1 The Direction of Time: From the Cosmos to Local Systems

Our everyday macroscopic experience of being in the world is saturated with asymmetries – thermodynamic asymmetries, and radiative asymmetries, and epistemic asymmetries, and phenomenological asymmetries, and asymmetries of overdetermination, and asymmetries of influence, and what have you – between the past and the future.

And there is a long-cherished hope – something that has its origins in the work of Boltzmann and which has been pursued by any number of other investigators, through any number of fits and starts, and revelations, and wrong turns, ever since – that all of those asymmetries can ultimately be traced back to some relatively simple characteristic of the initial macrocondition of the universe. The thought (as people put it nowadays) is that all we need to do in order to account for these asymmetries is to add to the fundamental time-reversal-symmetric dynamical laws, and to the standard statistical-mechanical probability-measure over the space of possible fundamental physical states, a simple postulate – a so-called Past Hypothesisto the effect that the world first came into being in whatever particular low-entropy macrocondition it is that the normal inferential procedures of cosmology are eventually going to present to us.

The business of working this thought out in detail is a large undertaking, which is still very much in its infancy, and which is still a topic of very lively debate – and I don’t want to attempt anything along the lines of an overview of that project here. All I want to talk about today is a widespread, and fundamental, and perennial sort of puzzlement about how it is that such a project could even seriously be entertained – a puzzlement (that is) about how it is that the macrocondition of the universe 15 billion years ago – all by itself – could even imaginably be up to the job of explaining so much about the feel, today and on earth, of the passing of time.

This puzzlement takes a number of different forms and arises in a number of different contexts. On the most trivial level, there is a question of how the lowness of the entropy of the world 15 billion years ago can impose any genuinely profound and vivid constraints whatever on what the world is doing now. And all that needs to be said in order to make that sort of puzzlement go away is that although 15 billion years is a long time, the entropy of the universe at that time was very, very low – and that (in particular) 15 billion years is a great deal shorter than the expected relaxation time of the state in which our universe seems to have started out.

But there is a somewhat more interesting question, in the general vicinity of this first one, about how the lowness of the entropy of the world 15 billion years ago can have any genuinely profound and vivid effects or impose any genuinely profound and vivid constraints on what particular, localized, human-scale, quasi-isolated subsystems of the world are doing now. There is a worry (in particular) that runs like this: Let it be stipulated that the standard Boltzmannian arguments do indeed establish that the overall entropy of a universe which starts out in a low-entropy, Past Hypothesis sort of macro state is overwhelmingly likely to rise toward the future. People are fond of pointing out that that tells us nothing at all, in and of itself, and, considered as a purely logical matter, about the behaviors of the entropies of quasi-isolated subsystems of the world – just as the fact that dogs can run tells us nothing at all, in and of itself and, considered as a purely logical matter, about whether or not dogs’ heads can run. And it is the behaviors of quasi-isolated subsystems of the world – after all – and not of the universe as a whole, that the science of thermodynamics is, primarily and in the first instance, about.

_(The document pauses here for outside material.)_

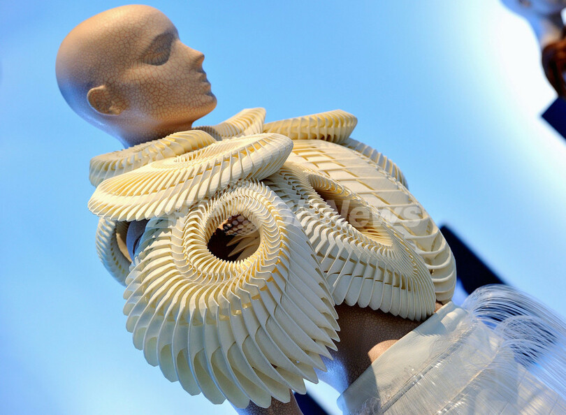 【8月6日 AFP】仏北部カレー(Calais)のInternational City of Lace and Fashionで6日、オランダ人デザイナーの「イリス・ヴァン・ヘルペン(Iris van Herpen)」による展覧会が行われている。2008年から2012年の間に制作された約30作品を展示。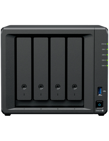Synology DiskStation DS925+ Tower, 4-Bays 3.5'' SATA HDD/SSD, 2 x M.2 2280 NVMe SSD slot, CPU AMD Ryzen V1500B 4-core 2.2 GHz, 4 GB DDR4 ECC SODIMM, 2x RJ-45 2.5 GbE LAN Port; 2x USB 3.2; 1 xUSB Type-C expansion port; 2.26 kg; 3yr warranty_AS

And all of this, considered as a purely logical matter, is surely true – but it seems to me to ignore, or to overlook, or to misunderstand how the Boltzmannian arguments actually work. The core of what the Boltzmannian tradition has given us is a general strategy for assigning specific numerical probabilities to any propositions whatever about the macroconditions of isolated thermodynamic systems at any time t > t0, given the macrocondition of the system at t0 – and the argument to the effect that thermodynamic systems in nonequilibrium macroconditions are overwhelmingly likely to increase their entropies as time goes forward is simply an application of that general strategy to the special case of entropy. The business of actually calculating those probabilities, in physically interesting cases, is usually going to be prohibitively complicated – but what Boltzmann and his various collaborators and inheritors are widely thought to have made plausible is that those probabilities are in good accord with the entirety of our everyday thermodynamic experience. If (for example) the isolated system in question consists of two gases, which are initially at different temperatures and are in thermal contact with one another, what the Boltzmannian arguments make plausible is not merely that the overall entropy of this system is overwhelmingly likely to go up toward the future, but (in addition) that the entropy of the hotter gas is overwhelmingly likely to go down toward the future. And if the isolated system in question consists of (say) 12 isolated gases, in 12 separate containers, each of which is initially far from its own individual equilibrium state, then what the Boltzmannian arguments are going to make plausible is not merely that the overall entropy of this system is overwhelmingly likely to go up toward the future, but (in addition) that the separate entropies of each of those 12 gases are all, individually, overwhelmingly likely to go up toward the future. Of course, the probability that the entropy of some particular one of those gases goes down toward the future will be much larger than the probability that the overall entropy of all 12 of them together goes down toward the future – but both of those probabilities are going to be fantastically small.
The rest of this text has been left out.